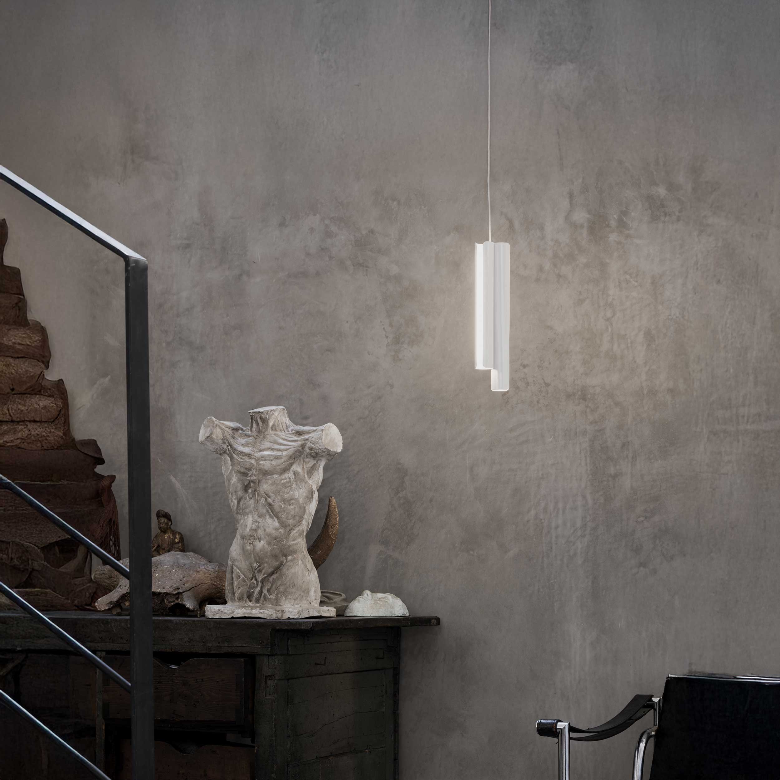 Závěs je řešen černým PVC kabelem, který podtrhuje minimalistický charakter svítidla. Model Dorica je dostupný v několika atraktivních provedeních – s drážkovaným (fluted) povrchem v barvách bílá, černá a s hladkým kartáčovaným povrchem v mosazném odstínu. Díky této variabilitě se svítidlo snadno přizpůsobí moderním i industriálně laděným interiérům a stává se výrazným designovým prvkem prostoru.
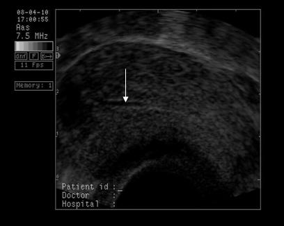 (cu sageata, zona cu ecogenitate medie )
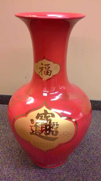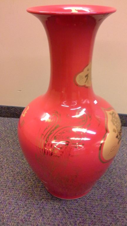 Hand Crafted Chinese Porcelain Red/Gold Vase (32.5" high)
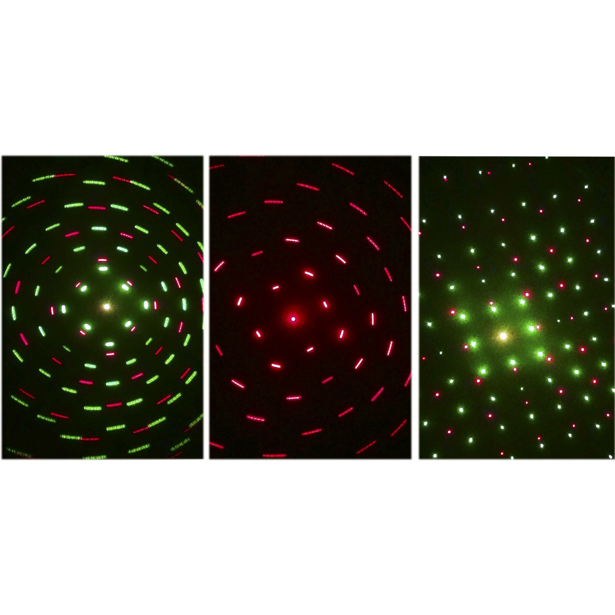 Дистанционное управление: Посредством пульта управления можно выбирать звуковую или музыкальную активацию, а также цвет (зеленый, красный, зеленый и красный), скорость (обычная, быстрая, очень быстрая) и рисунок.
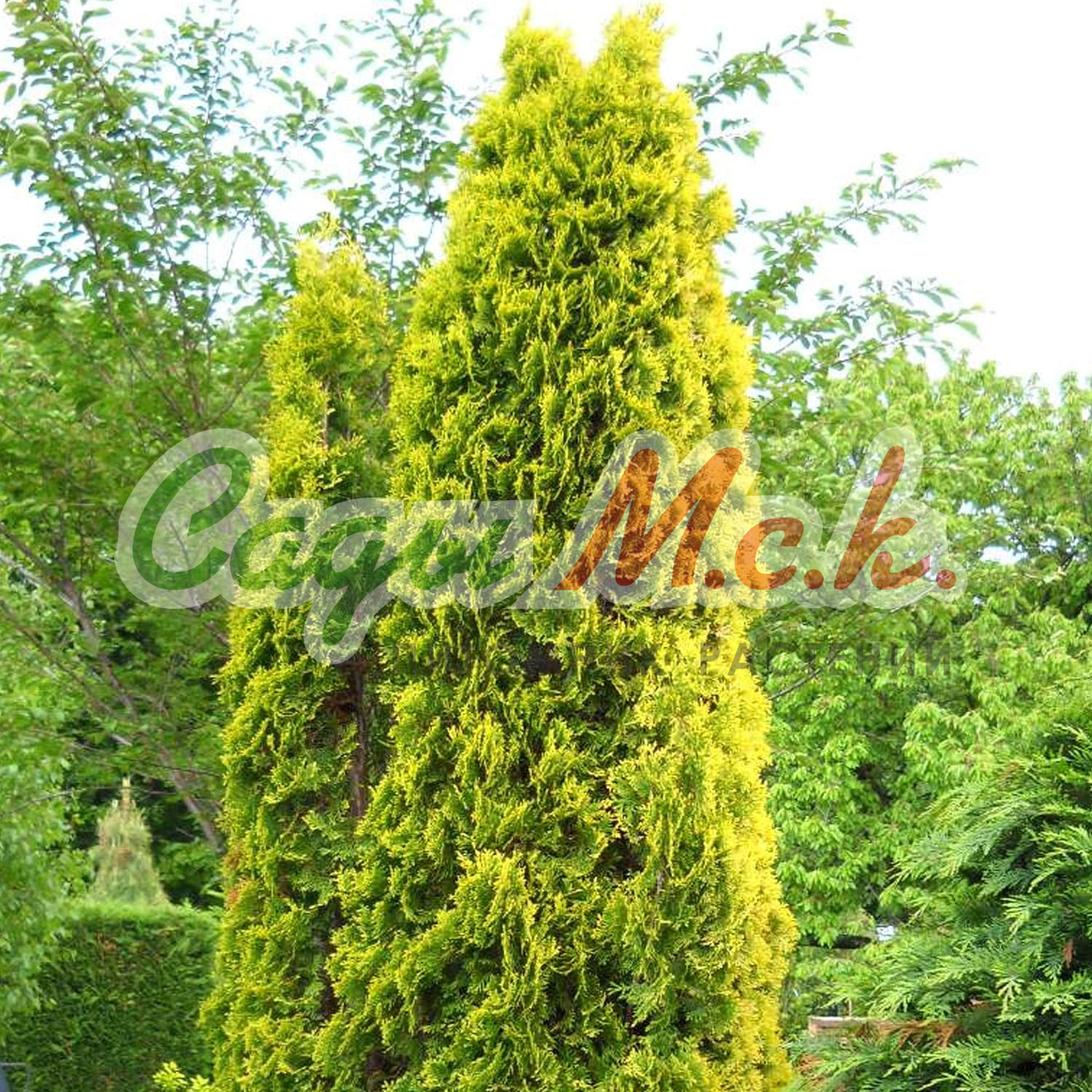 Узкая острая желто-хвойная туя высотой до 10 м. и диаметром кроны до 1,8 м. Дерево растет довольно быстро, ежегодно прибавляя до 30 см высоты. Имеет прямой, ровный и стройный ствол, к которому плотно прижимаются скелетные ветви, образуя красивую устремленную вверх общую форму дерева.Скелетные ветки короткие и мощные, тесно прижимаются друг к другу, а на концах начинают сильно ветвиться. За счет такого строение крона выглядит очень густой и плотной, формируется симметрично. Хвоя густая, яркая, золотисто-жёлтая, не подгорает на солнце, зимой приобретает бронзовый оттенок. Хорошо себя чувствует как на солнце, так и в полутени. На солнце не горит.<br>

--

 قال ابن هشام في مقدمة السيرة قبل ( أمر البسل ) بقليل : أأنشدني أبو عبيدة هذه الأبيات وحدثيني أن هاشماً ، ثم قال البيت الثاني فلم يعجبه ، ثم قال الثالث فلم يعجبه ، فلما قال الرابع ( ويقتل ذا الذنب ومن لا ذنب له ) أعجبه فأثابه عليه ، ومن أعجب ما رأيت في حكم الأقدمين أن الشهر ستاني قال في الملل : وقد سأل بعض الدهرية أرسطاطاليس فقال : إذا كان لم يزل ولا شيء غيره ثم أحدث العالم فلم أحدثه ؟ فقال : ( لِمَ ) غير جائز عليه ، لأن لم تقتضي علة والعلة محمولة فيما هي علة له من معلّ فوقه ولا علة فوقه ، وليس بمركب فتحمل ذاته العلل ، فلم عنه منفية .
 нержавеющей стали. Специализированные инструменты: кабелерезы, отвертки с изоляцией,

...

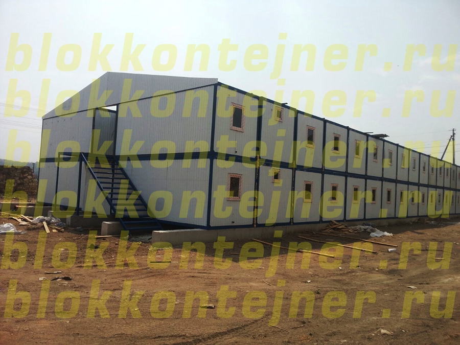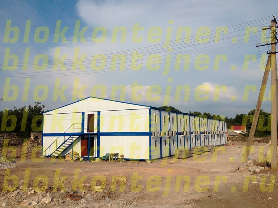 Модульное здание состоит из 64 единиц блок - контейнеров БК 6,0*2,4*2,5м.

-- Description of the task --
Pictures excluded, give again exactly and only the lines of the material above from the line with "(cu sageata, zona cu ecogenitate medie )" through the line with "Дистанционное управление: Посредством".

-- Result of this task --
 (cu sageata, zona cu ecogenitate medie )
 Hand Crafted Chinese Porcelain Red/Gold Vase (32.5" high)
 Дистанционное управление: Посредством пульта управления можно выбирать звуковую или музыкальную активацию, а также цвет (зеленый, красный, зеленый и красный), скорость (обычная, быстрая, очень быстрая) и рисунок.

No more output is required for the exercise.